> [About this task]: Write out, word for word and with no pictures, each line below from the one containing "JFHTNFJ 42w Modern" through the one containing "Unser Weingut liegt", both included, and no other line.

Items from a data source
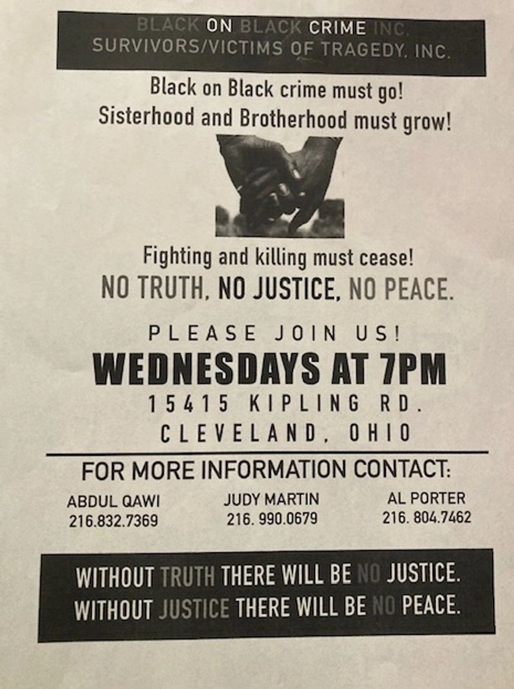 Without truth, there will be no justice. without justice, there will be no peace. Come to our meetings every Wednesday at 7 pm at 15415 Kipling Ave Cleveland Ohio 44110.
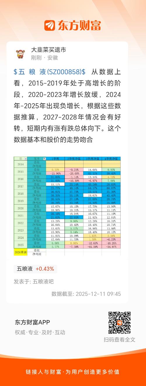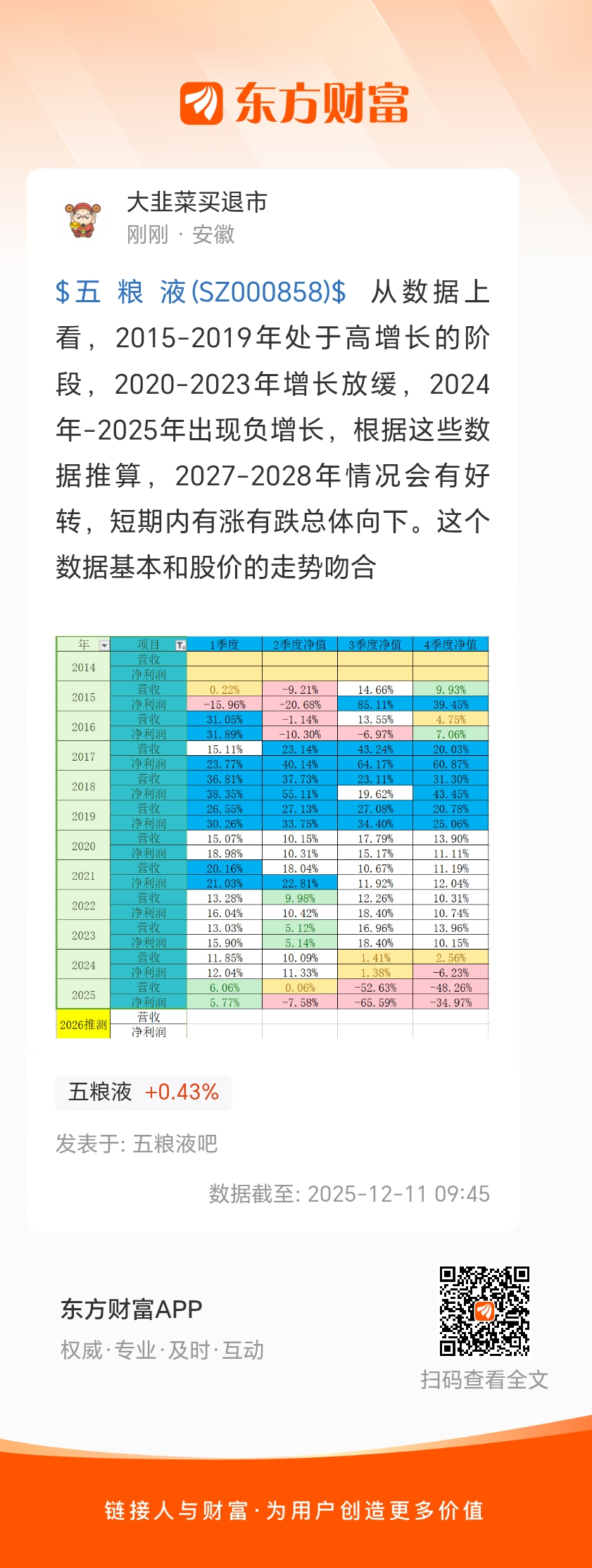 $五 粮 液(SZ000858)$ 从数据上看,2015-2019年处于高增长的阶段,2020-2023年增长放缓,2024年-2025年出现负增长,根据这些数据推算,2027-2028年情况会有好转,短期内有涨有跌总体向下。这个数据基本和股价的走势吻合
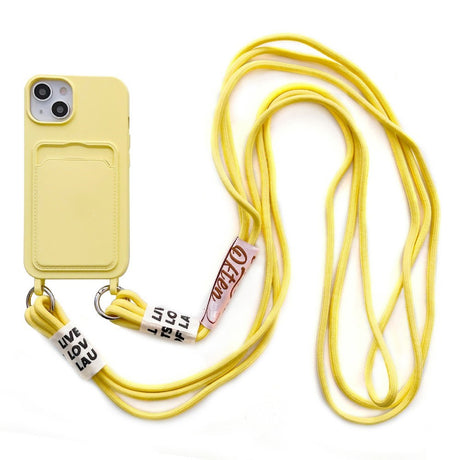 iPhone 14 fleksibelt plastdeksel m. Kortholder og snor - gul
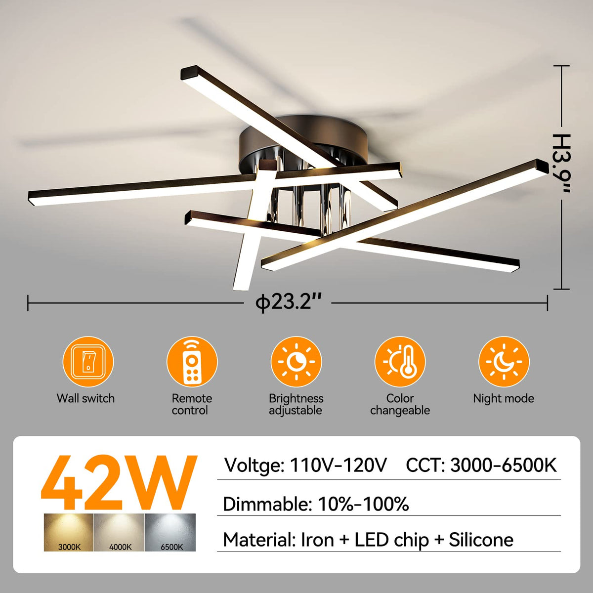 JFHTNFJ 42w Modern Sputnik Ceiling Light Fixture LED Dimmable with Remote Control Ceiling Lighting Black Flush Mount Chandelier
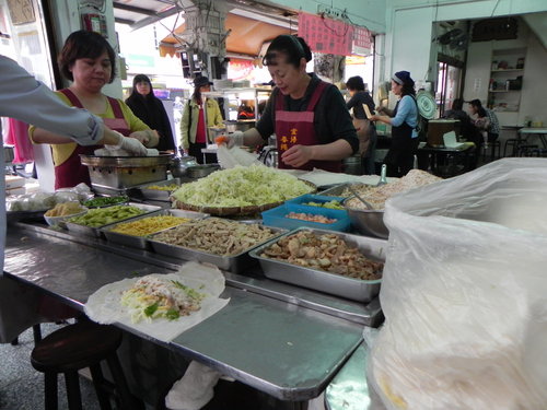 聽說台南的國華街市場小吃店林立,只要看到哪裡有排隊隊伍,那就是真的好吃啦,首先來到的金得春捲是有50年資歷的老店。
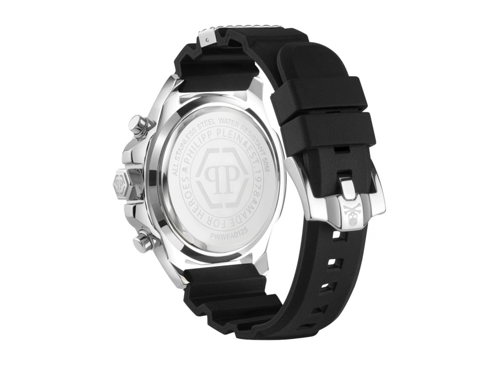 Sportovní Philipp Plein PWWFA0125 The $kull Chrono 45mm 5ATM na Vás zapůsobí mimo jiné i svým nadčasovým vzhledem. černá barva řemínku a klasická spona jsou již pouhou tečkou za dokonalostí tohoto modelu.| Kategorie: | Pánské hodinky |
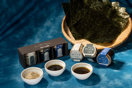 七ヶ浜産高級海苔を、こめ油、だししょうゆ、小松菜でまとめ、にんにくと唐辛子をアクセントに、海苔本来の味わいを楽しむことができる「浜ののりだれ」、浜ののりだれをマヨネーズにアレンジした「浜ののりマヨ」、ワインビネガーで爽やかな風味を添えた「浜ののりドレ」の3種を販売します(各種70ml税込745円)。
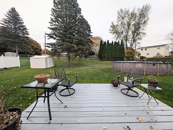 laundry area. Three good sized bedrooms with ample closet space too. The main bedroom has a half bath for convenience. A backyard shed offers even more storage and the expansive driveway/parking pad offers plenty of room for boat or RV parking. New sump pump in 2023 and back up in 2024. Water heater, dishwasher, oven/range, microwave, awning and above ground pool in 2024, roof 2021, furnace & A/C 2018, updated 200 amp electric and a generator hook up. Conveniently located in the Churchville Chili school district and only minutes away from Davis Park, Wegmans, Aldi, Target, the Airport and so much more.
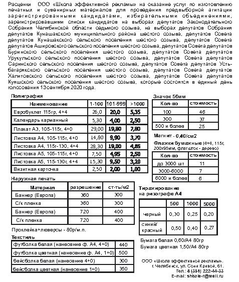Расценки АНО «Редакции газеты «Знамя труда» на оказание услуг по размещению предвыборных и агитационных материалов на выборах губернатора Челябинской области и на дополнительных выборах депутата Совета депутатов Куяшского сельского поселения по одномандатному избирательному округу № 1, назначенных на 8 сентября 2019 года.
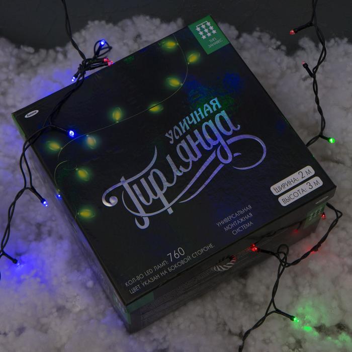 Гирлянда "Занавес" 2 х 3 м , IP44, УМС, тёмная нить, 760 LED, свечение RG/RB, мигание, 220 В
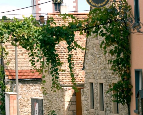 Unser Weingut liegt im alten Ortskern von Wachenheim, nahe der heute evangelischen Kirche aus dem 14. Jahrhundert mit Ihrem sehenswerten Marienaltar.
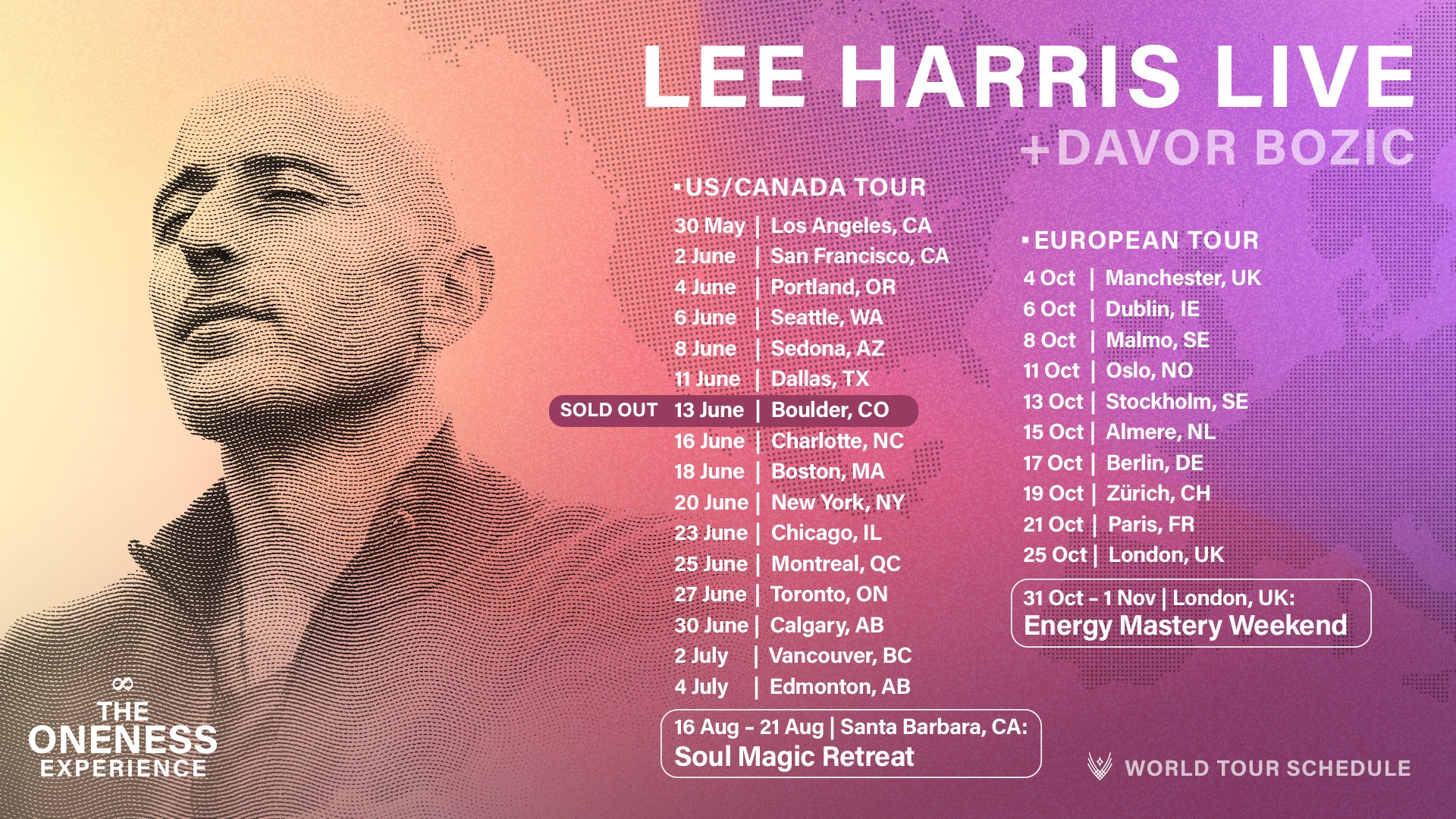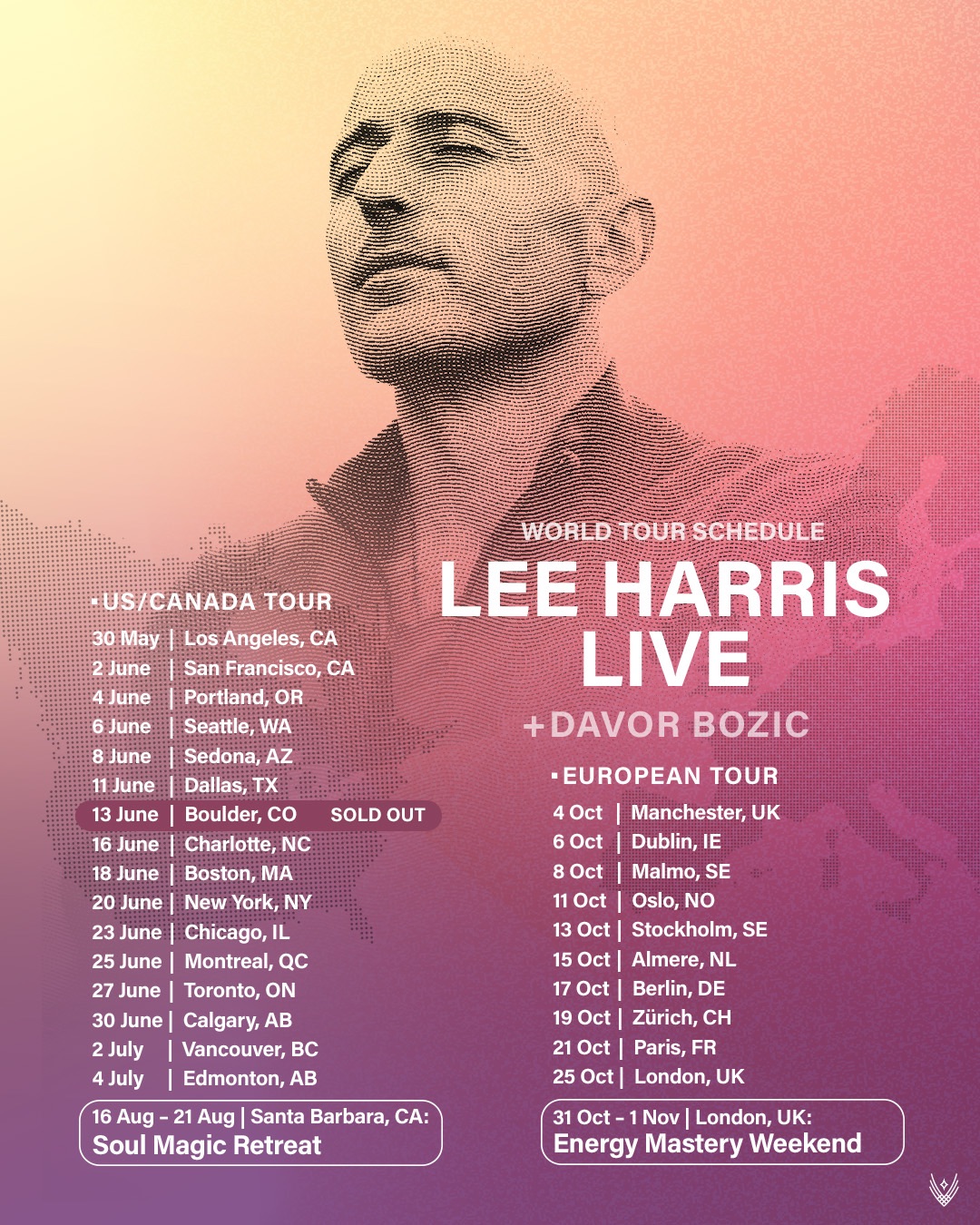 Lee’s WORKSHOPS—held in person across the globe—are powerful explorations into living, loving, and awakening. His sold-out Big Love live tours, alongside composer Davor Bozic, blend channeling, humor, and music into transformative experiences of self-discovery, insight, and practical guidance for facing life’s everyday challenges.

> [Reply to the task]:
 JFHTNFJ 42w Modern Sputnik Ceiling Light Fixture LED Dimmable with Remote Control Ceiling Lighting Black Flush Mount Chandelier
 聽說台南的國華街市場小吃店林立,只要看到哪裡有排隊隊伍,那就是真的好吃啦,首先來到的金得春捲是有50年資歷的老店。
 Sportovní Philipp Plein PWWFA0125 The $kull Chrono 45mm 5ATM na Vás zapůsobí mimo jiné i svým nadčasovým vzhledem. černá barva řemínku a klasická spona jsou již pouhou tečkou za dokonalostí tohoto modelu.| Kategorie: | Pánské hodinky |
 七ヶ浜産高級海苔を、こめ油、だししょうゆ、小松菜でまとめ、にんにくと唐辛子をアクセントに、海苔本来の味わいを楽しむことができる「浜ののりだれ」、浜ののりだれをマヨネーズにアレンジした「浜ののりマヨ」、ワインビネガーで爽やかな風味を添えた「浜ののりドレ」の3種を販売します(各種70ml税込745円)。
 laundry area. Three good sized bedrooms with ample closet space too. The main bedroom has a half bath for convenience. A backyard shed offers even more storage and the expansive driveway/parking pad offers plenty of room for boat or RV parking. New sump pump in 2023 and back up in 2024. Water heater, dishwasher, oven/range, microwave, awning and above ground pool in 2024, roof 2021, furnace & A/C 2018, updated 200 amp electric and a generator hook up. Conveniently located in the Churchville Chili school district and only minutes away from Davis Park, Wegmans, Aldi, Target, the Airport and so much more.
Расценки АНО «Редакции газеты «Знамя труда» на оказание услуг по размещению предвыборных и агитационных материалов на выборах губернатора Челябинской области и на дополнительных выборах депутата Совета депутатов Куяшского сельского поселения по одномандатному избирательному округу № 1, назначенных на 8 сентября 2019 года.
 Гирлянда "Занавес" 2 х 3 м , IP44, УМС, тёмная нить, 760 LED, свечение RG/RB, мигание, 220 В
 Unser Weingut liegt im alten Ortskern von Wachenheim, nahe der heute evangelischen Kirche aus dem 14. Jahrhundert mit Ihrem sehenswerten Marienaltar.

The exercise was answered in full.